[Problem]:
In the records below, repeat exactly the lines between the line holding "Mit einem Klick" and the line holding "Толстовка детская утепленная", inclusive, and drop the pictures.

[Exercise data]:
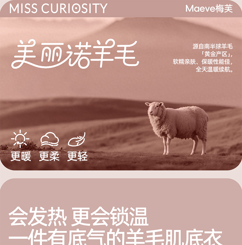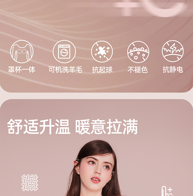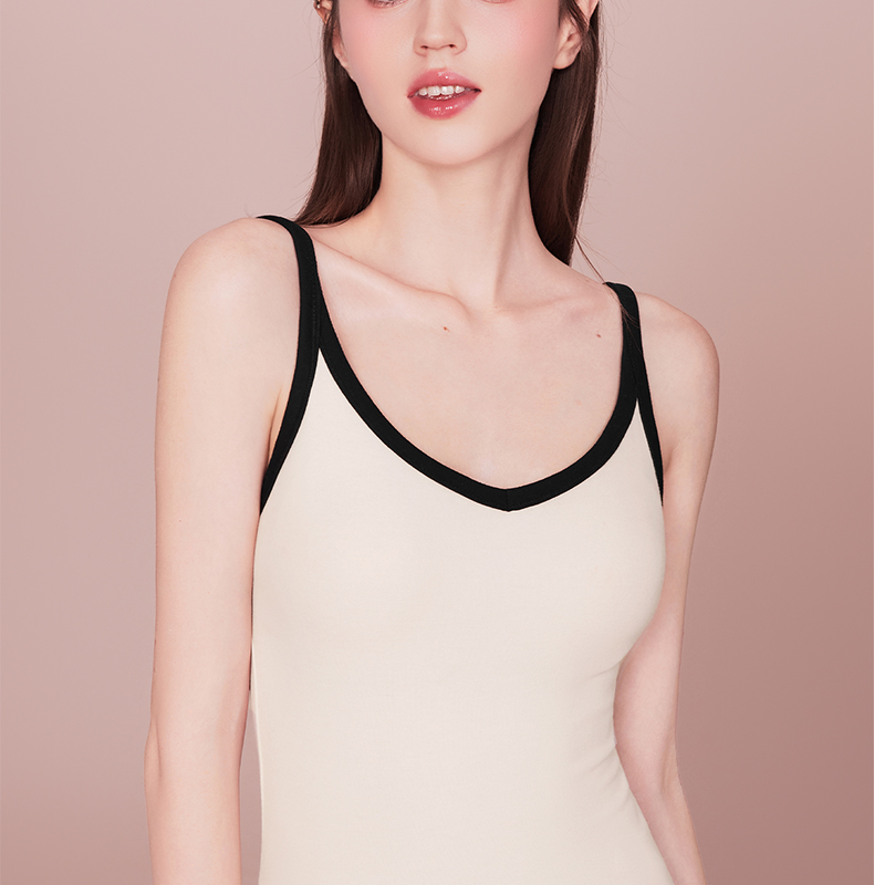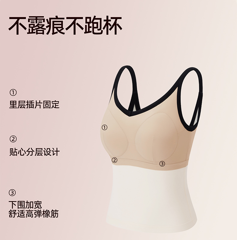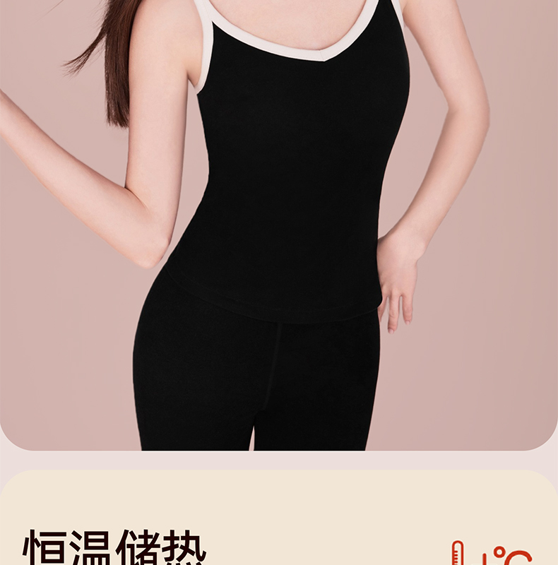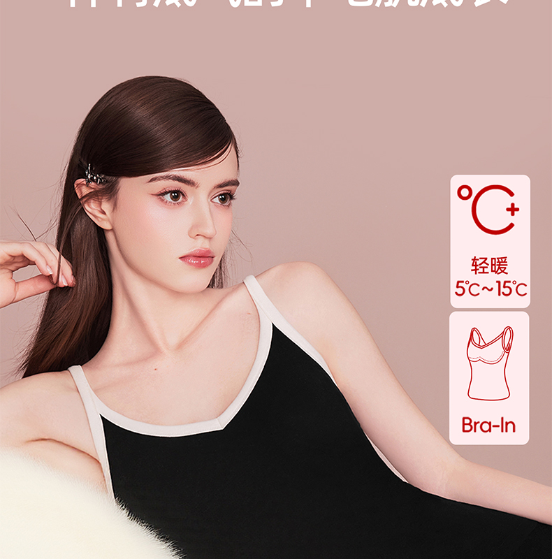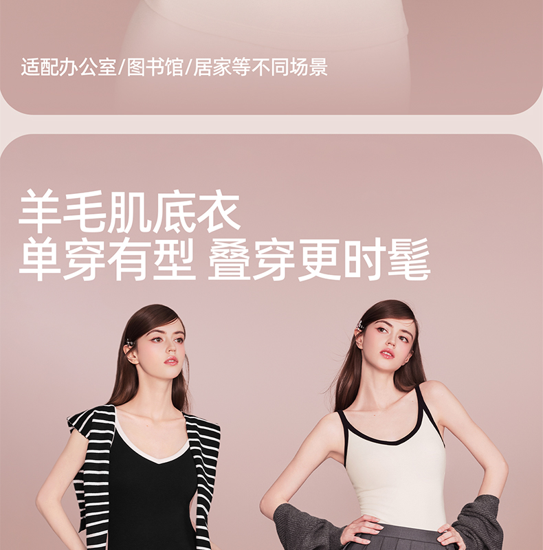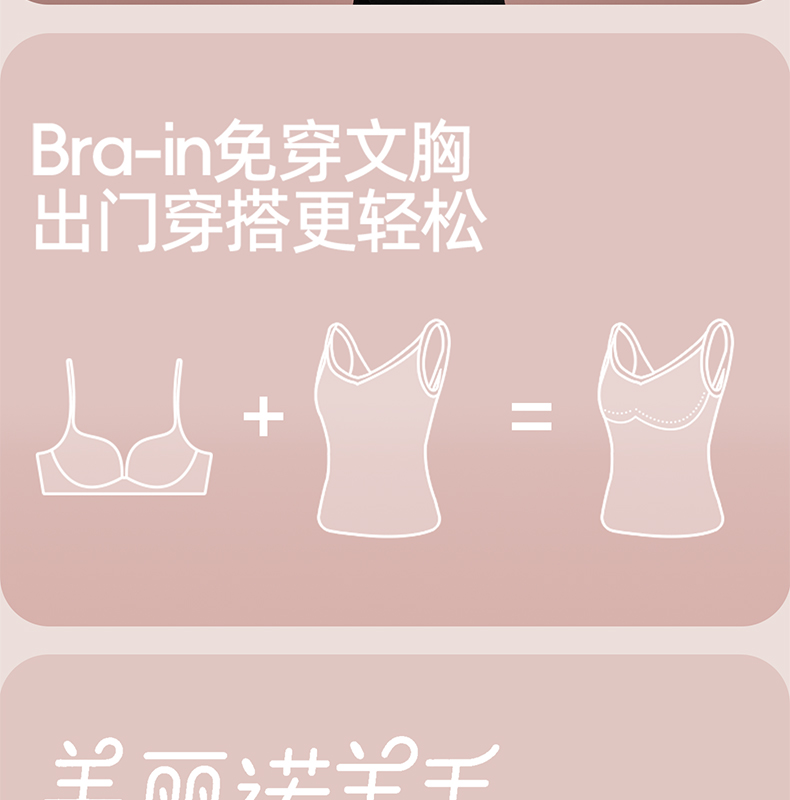好奇蜜斯羊毛保暖背心女带胸垫加绒发热抗静电秋冬吊带肌底衣秋衣 梅芙
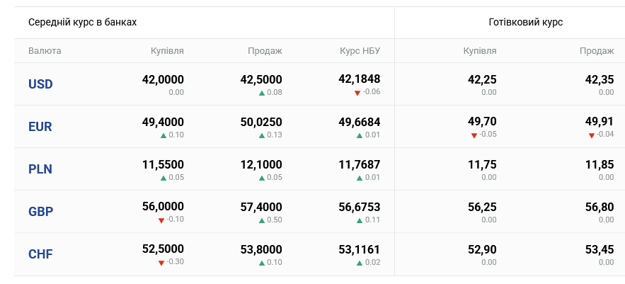у monobank: 42,00 - 42,36 грн/$ та 49,35 - 49,99 грн/EUR.
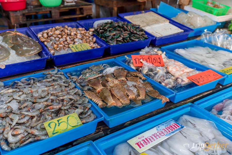 ตลาดแสมสาร ตลาดประมงพื้นบ้านของแสมสาร แหล่งรวมอาหารทะเลสดๆ จากทะเลหลากหลายชนิด ไม่ว่าจะเป็นกุ้ง หอย ปู ปลา หมึก กั้ง แมงดาทะเลเป็นๆ รวมไปถึงอาหารทะเลแห้ง เหมาะสำหรับเพื่อนๆ ที่เลือกที่พักแสมสารที่สามารถทำอาหาร ปิ้งย่างอาหารทะเลได้ สามารถแวะมาซื้ออาหารทะเลที่นี่ก่อนเข้าไปที่พัก หรือบางร้านมีบริการนำอาหารทะเลไปปรุงสุกให้ฟรีอีกด้วย ใครที่เตรียมปิ้งย่างริมทะเล อย่าลืมแวะมาเดินเลือกซื้อ เติมเสบียงอาหารทะเลสดๆ ที่นี่ได้เลย
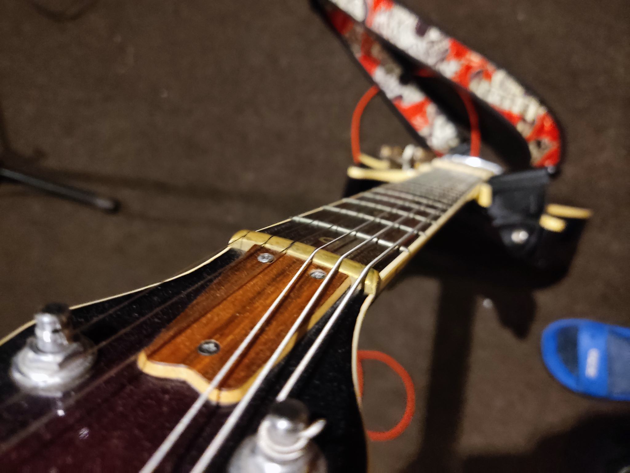 Недавно отшлифовали лады у мастера и полностью отстроили. Этот вашбурн я купил для студийной работы - в этом плане он бесподобен.
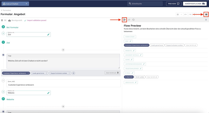 Mit einem Klick auf das Seitenleisten-Symbol öffnet sich die Flow Preview. Sie bietet eine kompakte Übersicht der Formular-Abschnitte.
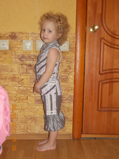 Спортивные штаны для младшей дочки сшились из низа взрослых штанов.
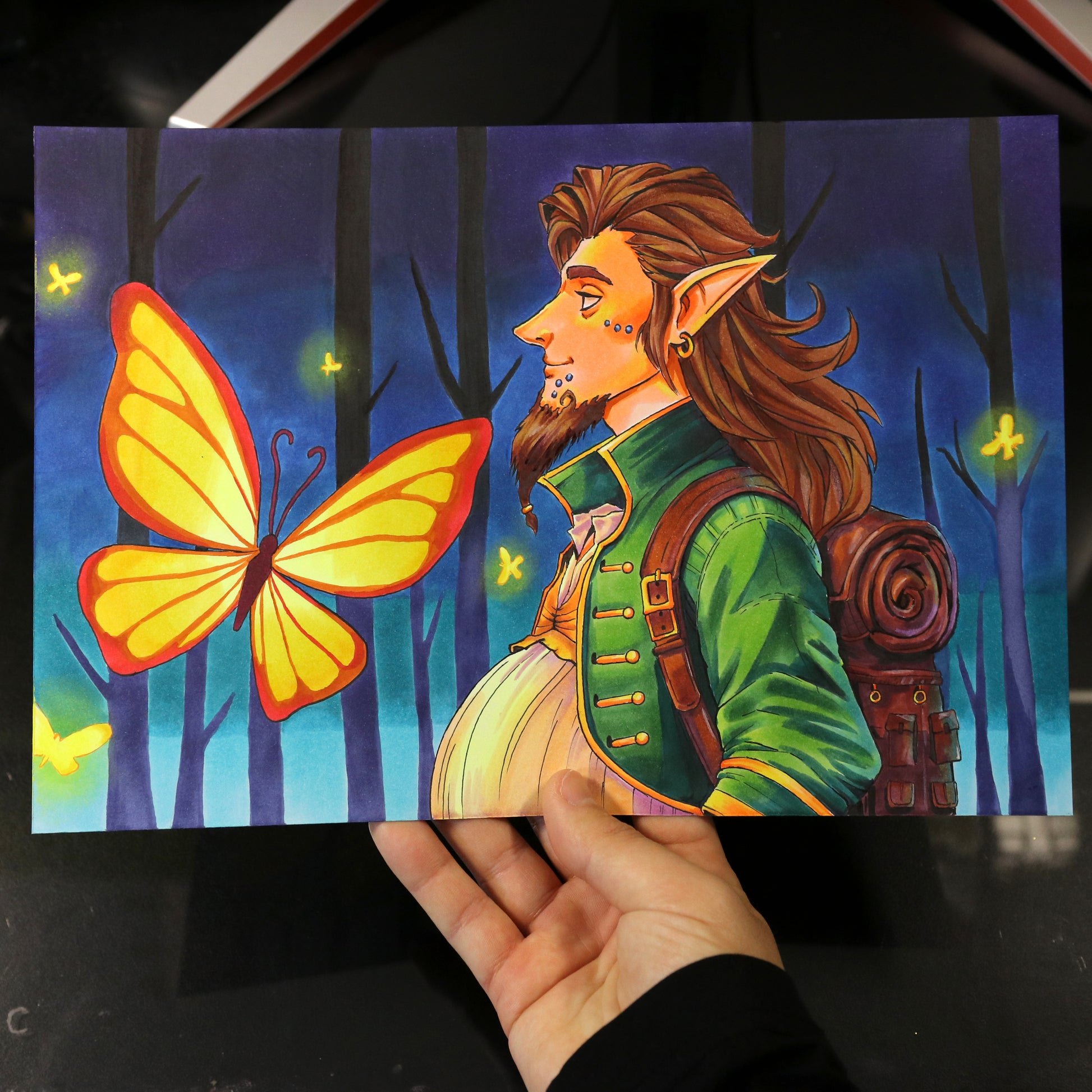 Dibujo original "Elfo en el bosque"
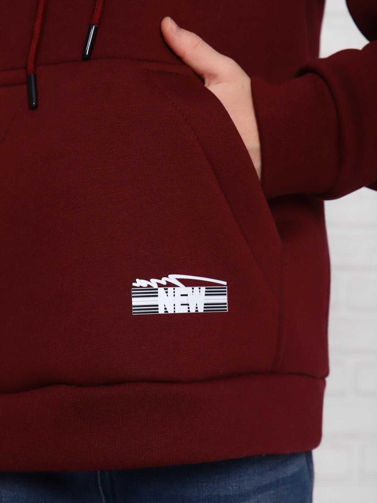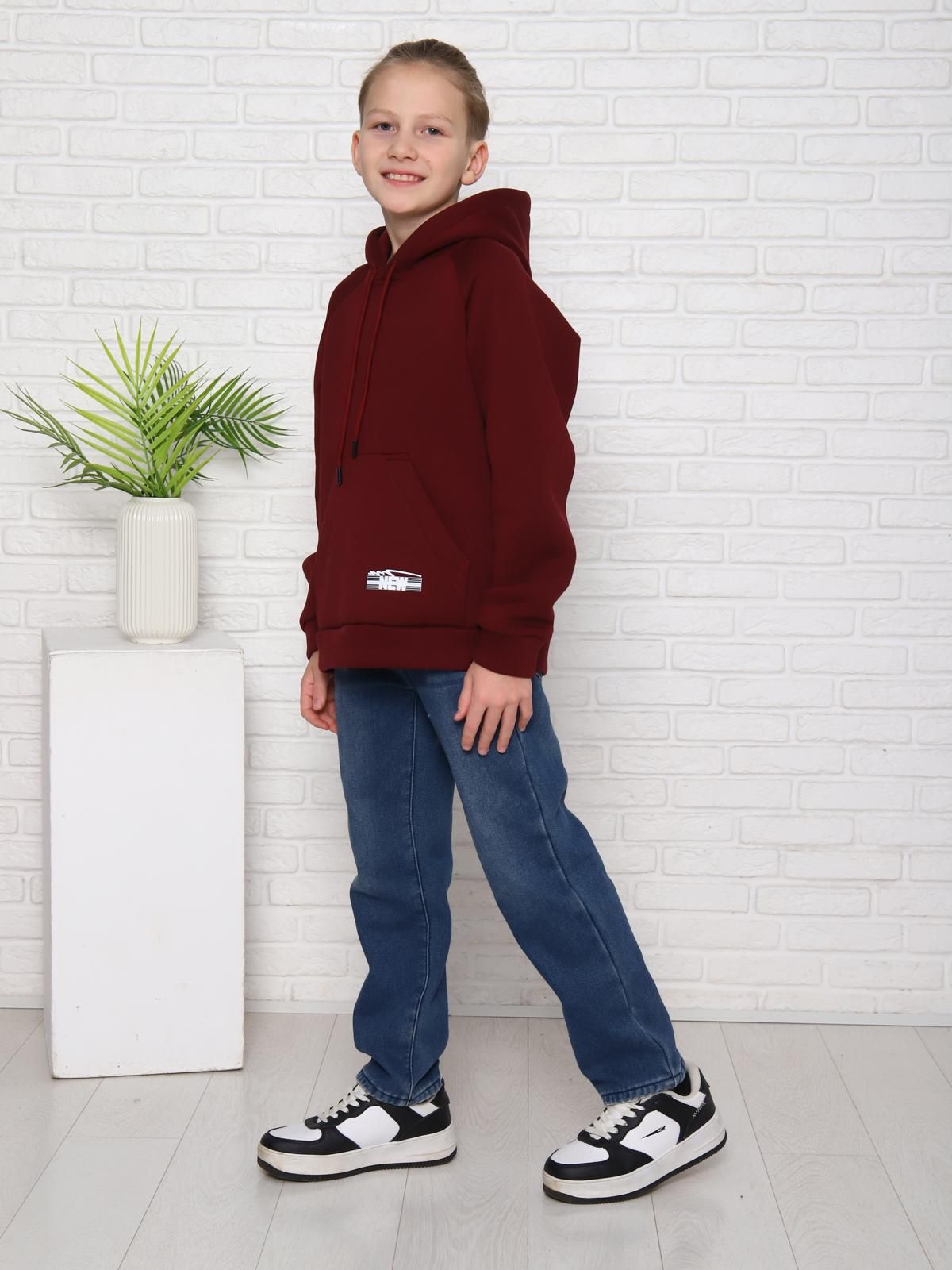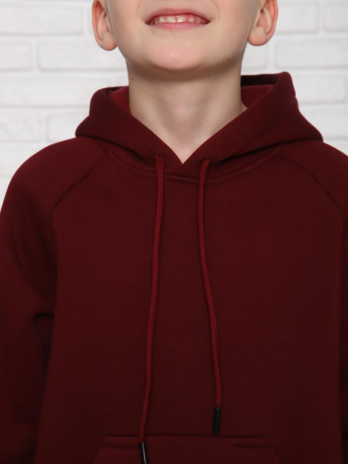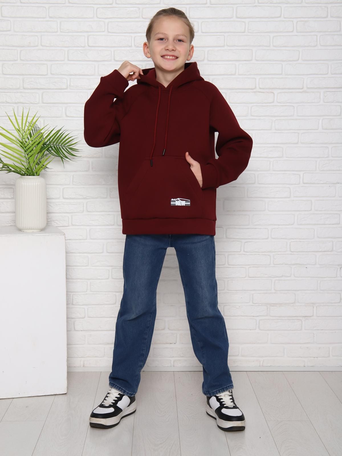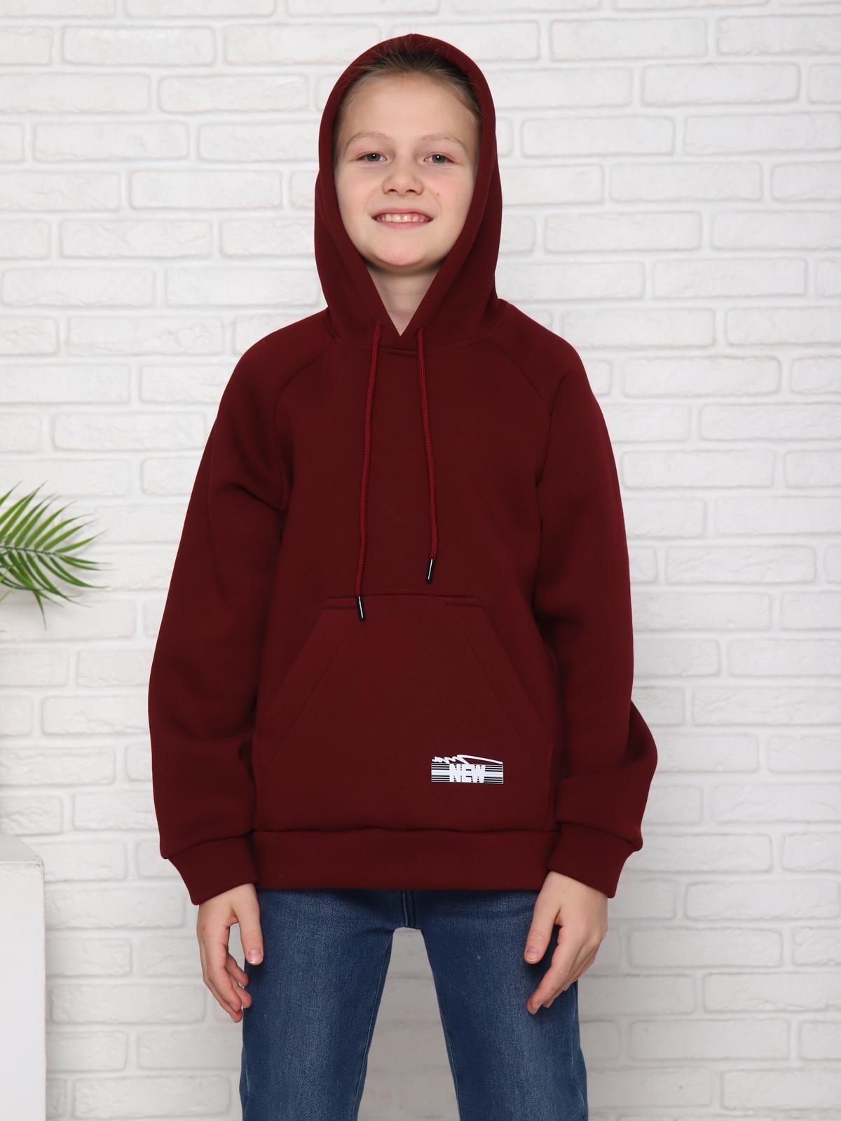 Толстовка детская утепленная имеет прямой крой, длинные рукава и капюшон с завязками, что делает её удобной и практичной для повседневной носки. На передней части толстовки расположен небольшой логотип, добавляющий стильный акцент.
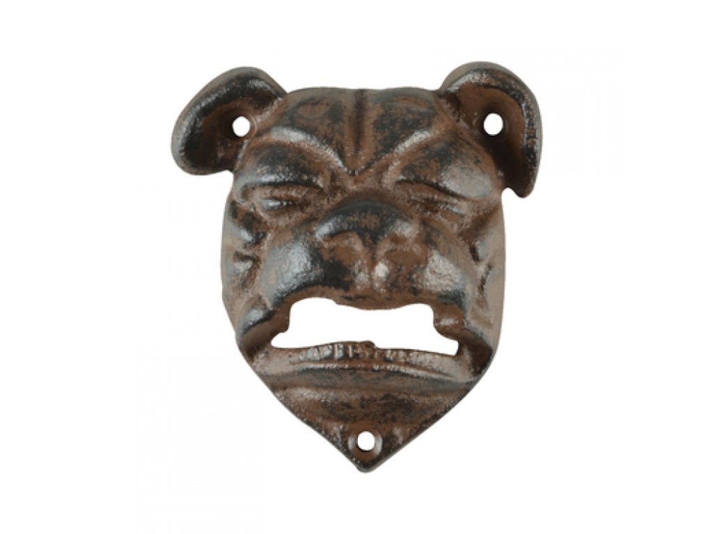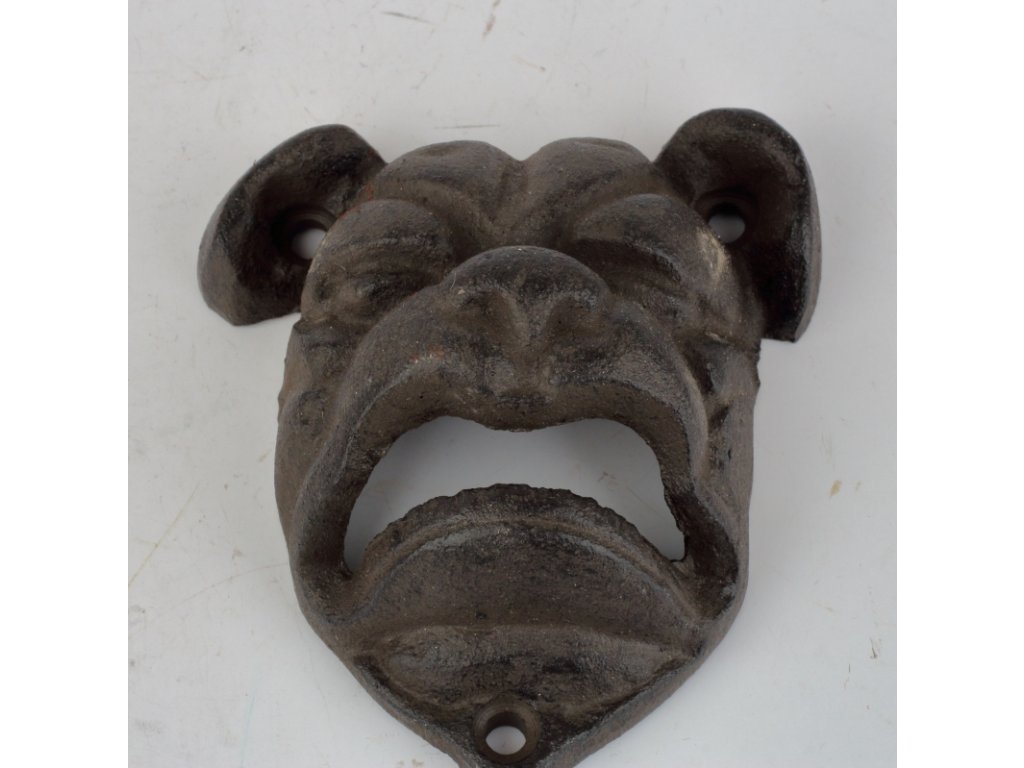 Nástěnný otvírák na láhve buldog litina 8x8cm

[Task response]:
 Mit einem Klick auf das Seitenleisten-Symbol öffnet sich die Flow Preview. Sie bietet eine kompakte Übersicht der Formular-Abschnitte.
 Спортивные штаны для младшей дочки сшились из низа взрослых штанов.
 Dibujo original "Elfo en el bosque"
 Толстовка детская утепленная имеет прямой крой, длинные рукава и капюшон с завязками, что делает её удобной и практичной для повседневной носки. На передней части толстовки расположен небольшой логотип, добавляющий стильный акцент.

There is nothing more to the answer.